| INFORMATION |
--------

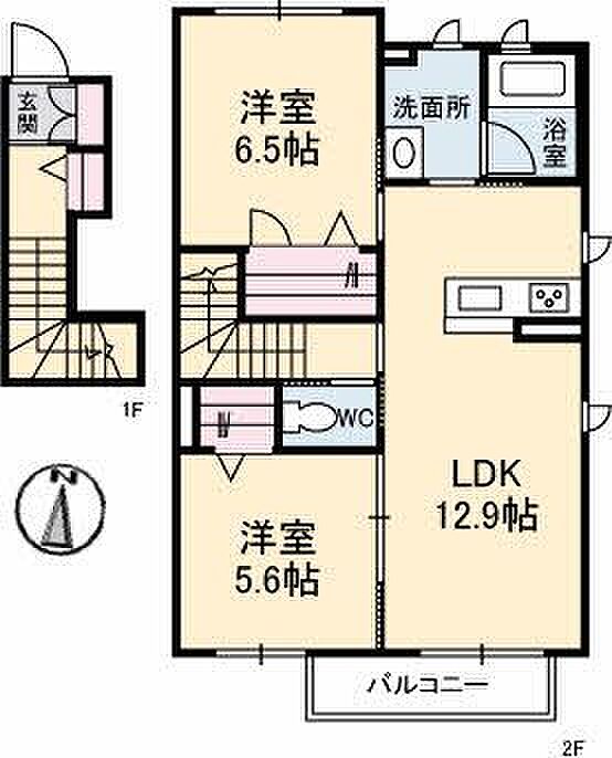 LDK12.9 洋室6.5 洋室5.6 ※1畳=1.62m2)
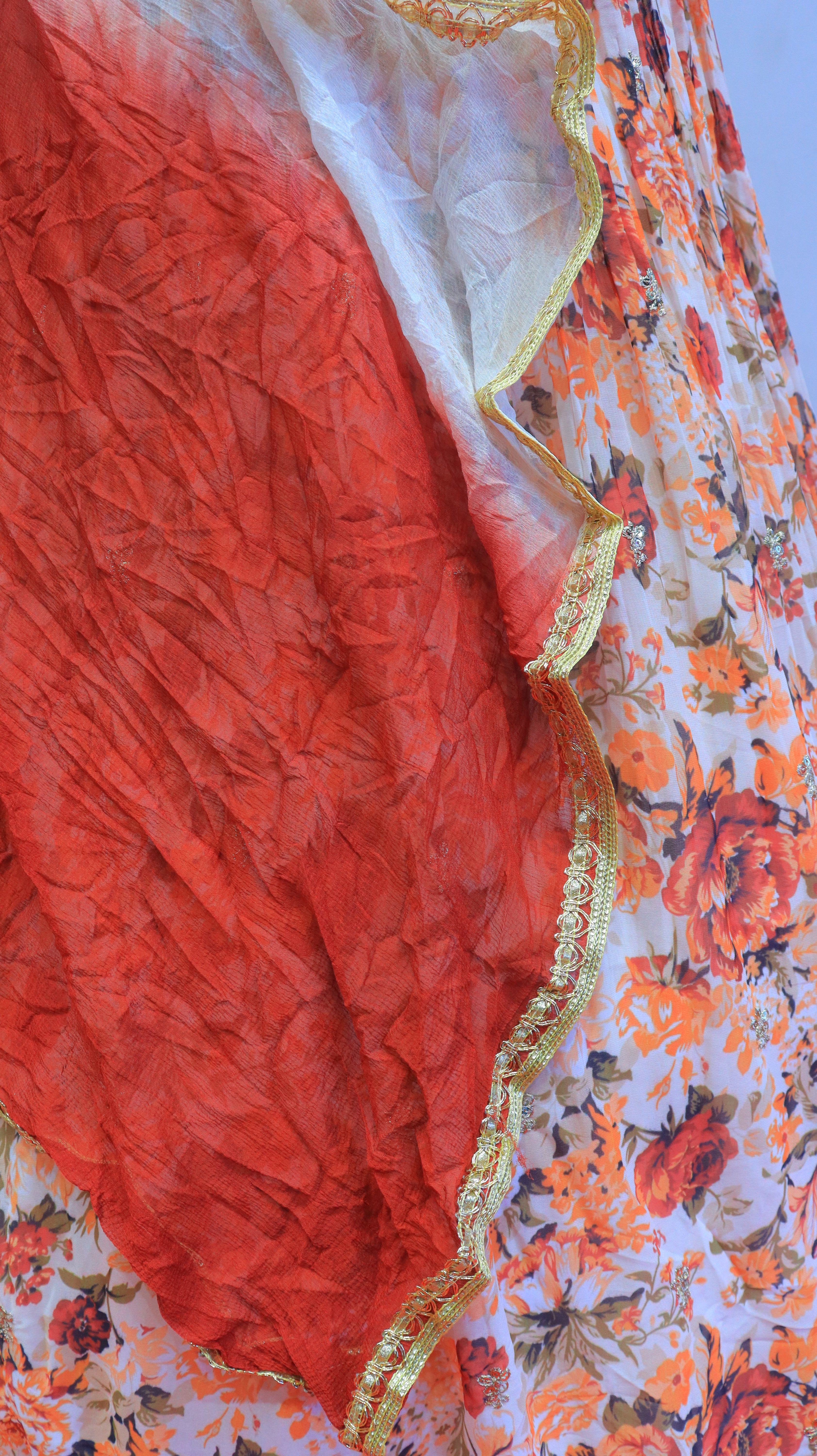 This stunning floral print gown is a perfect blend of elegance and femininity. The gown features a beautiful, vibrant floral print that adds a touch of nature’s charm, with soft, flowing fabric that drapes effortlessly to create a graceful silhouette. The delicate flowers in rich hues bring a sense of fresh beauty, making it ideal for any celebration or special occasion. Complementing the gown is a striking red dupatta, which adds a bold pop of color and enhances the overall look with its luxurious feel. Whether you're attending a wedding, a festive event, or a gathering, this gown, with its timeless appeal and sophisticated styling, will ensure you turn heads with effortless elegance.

--------

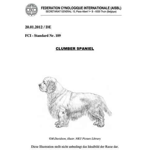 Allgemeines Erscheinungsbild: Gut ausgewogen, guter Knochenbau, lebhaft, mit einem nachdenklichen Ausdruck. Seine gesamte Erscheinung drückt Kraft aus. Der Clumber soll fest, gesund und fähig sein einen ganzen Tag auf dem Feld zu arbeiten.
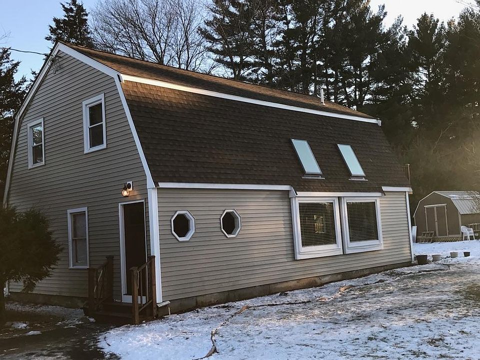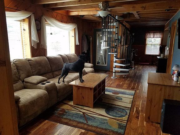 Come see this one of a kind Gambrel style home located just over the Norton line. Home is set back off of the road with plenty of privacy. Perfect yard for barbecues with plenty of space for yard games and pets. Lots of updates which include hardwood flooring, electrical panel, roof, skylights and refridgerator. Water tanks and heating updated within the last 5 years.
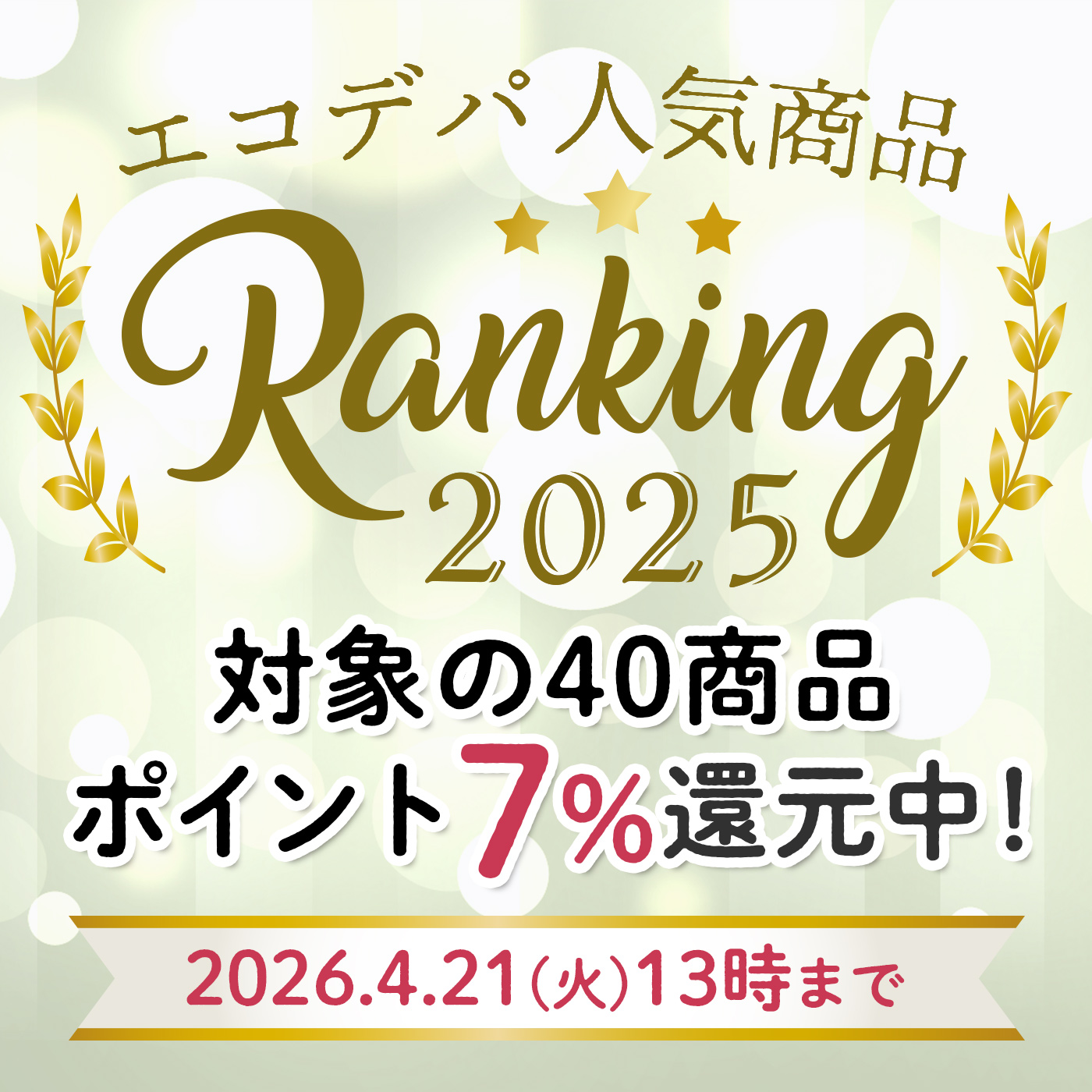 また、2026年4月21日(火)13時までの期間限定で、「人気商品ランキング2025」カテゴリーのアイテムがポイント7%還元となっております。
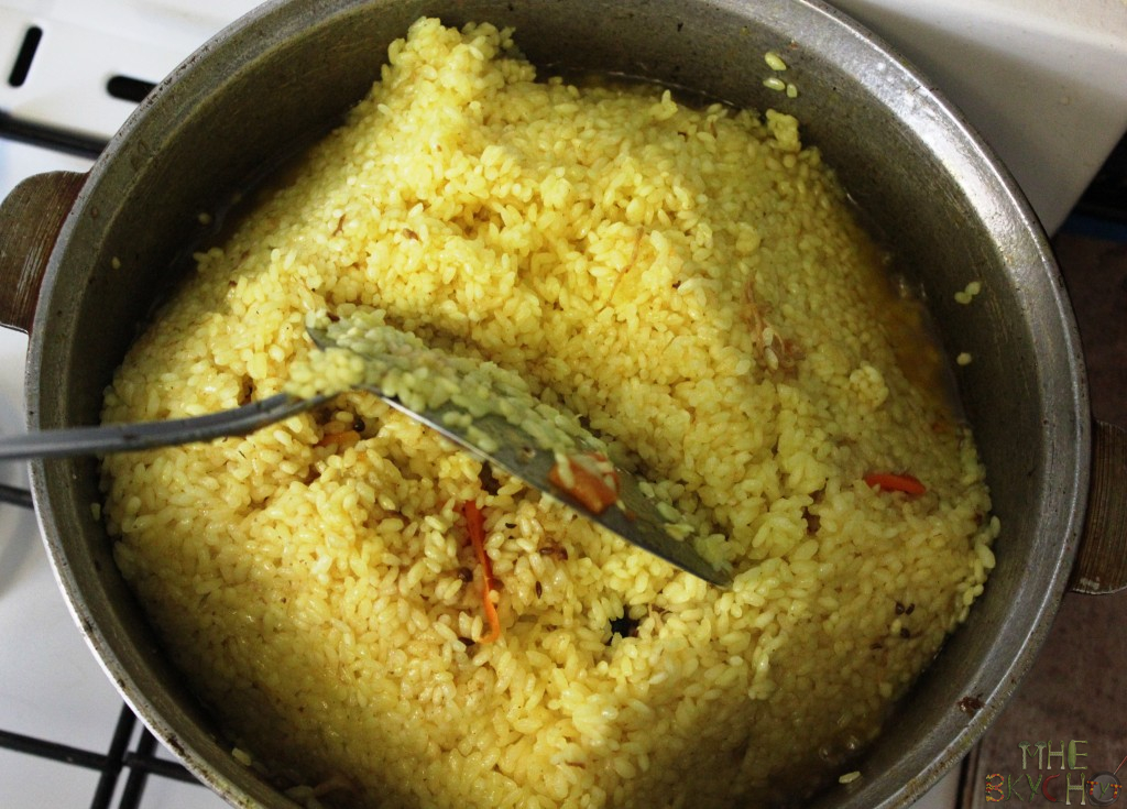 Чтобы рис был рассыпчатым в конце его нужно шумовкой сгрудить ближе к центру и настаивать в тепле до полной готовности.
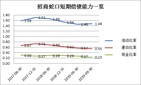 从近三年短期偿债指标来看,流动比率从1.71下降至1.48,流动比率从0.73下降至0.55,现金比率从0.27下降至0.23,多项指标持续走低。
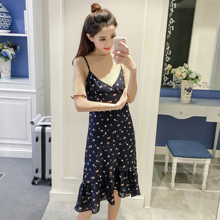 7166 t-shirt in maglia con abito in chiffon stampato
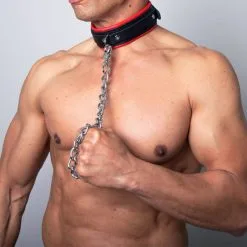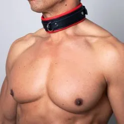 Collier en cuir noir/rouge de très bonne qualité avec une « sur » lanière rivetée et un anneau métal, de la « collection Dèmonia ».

--------

| TASK PROMPT |
Everything above from the line that has "Чтобы рис был" down to the line that has "Collier en cuir" should be output exactly, with both of those lines included. Leave the pictures behind.

| RESULT OF THIS TASK |
 Чтобы рис был рассыпчатым в конце его нужно шумовкой сгрудить ближе к центру и настаивать в тепле до полной готовности.
 从近三年短期偿债指标来看,流动比率从1.71下降至1.48,流动比率从0.73下降至0.55,现金比率从0.27下降至0.23,多项指标持续走低。
 7166 t-shirt in maglia con abito in chiffon stampato
 Collier en cuir noir/rouge de très bonne qualité avec une « sur » lanière rivetée et un anneau métal, de la « collection Dèmonia ».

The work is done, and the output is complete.